Not too long ago, British politicians used to fall over each other to demonstrate their willingness to accommodate the results of globalisation. For many this was about more than economic advantage; it was a profoundly moral benison derived from the interconnected nature of contemporary world. Britain then was more outward looking, more internationalist in essence – and not only because Tony Blair saw it as his role to assume the posture of a global statesman. Blair was not a conservative, but his conservative opponents, despite something of a right wheel in opposition, maintained a broadly internationalist position. To do otherwise would, or so they thought, have consigned them to irrelevance.
Now this has all changed; the referendum has demonstrated that the public mood is, on the whole, opposed – which to many internationalists, once sure of dominance, may feel as though the nation is entirely opposed to their position. Its axioms have been disregarded; its roots have been found to be shallow, and torn out.
In the United States, the ascent of Donald Trump represents the antithesis of conservative internationalism. His foreign policy is not pro-democracy; it is pro-dictator. He is in favour of conciliating Russia’s Putin and Syria’s Assad in order to focus on fighting ISIS, in a move which is both self-defeating (Assad and ISIS have a virtually symbiotic relationship) and also a departure from the recent foreign policy orthodoxy of the United States.

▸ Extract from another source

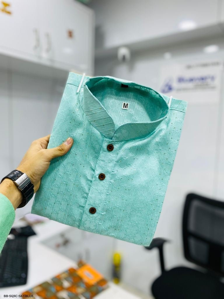 Product detailsKurta fabric :-J-card silk with weawing sequencePajama Fabric :-Pure CottonSize :- M-38, L-40, Xl-42, Xxl-44, 3xl-46Occasion :- Wedding, Festival

Other presidential candidates for the Republican party, for example the above-mentioned Rubio, and Lindsey Graham, articulated an American policy which could counter both ISIS and Assad. This vision is now off the table, and unlikely to be resurgent for a long time. In the light of current events, in Aleppo especially, this likely means the Syrian Civil War will continue for years to come. The moral crisis of our age presented a test, a challenge, to our politicians; and they failed, and they will continue to fail.
Furthermore, while Trump’s opposition to the Iran deal is muscular and necessary, it seems almost reflexive – something he had to say in order to criticise the Obama administration and target Hillary Clinton, who supported it to the hilt during the election campaign. There is no way of telling whether he will follow through on his promise, not least because his potential ally, Assad, is an Iranian asset and proxy.
In many ways, Trump could simply continue aspects of Obama’s foreign policy, something which many conservatives had desired to set right for eight years. And all the while, in both Europe and the United States, the conservative internationalism which is both necessary and vital slips further from view.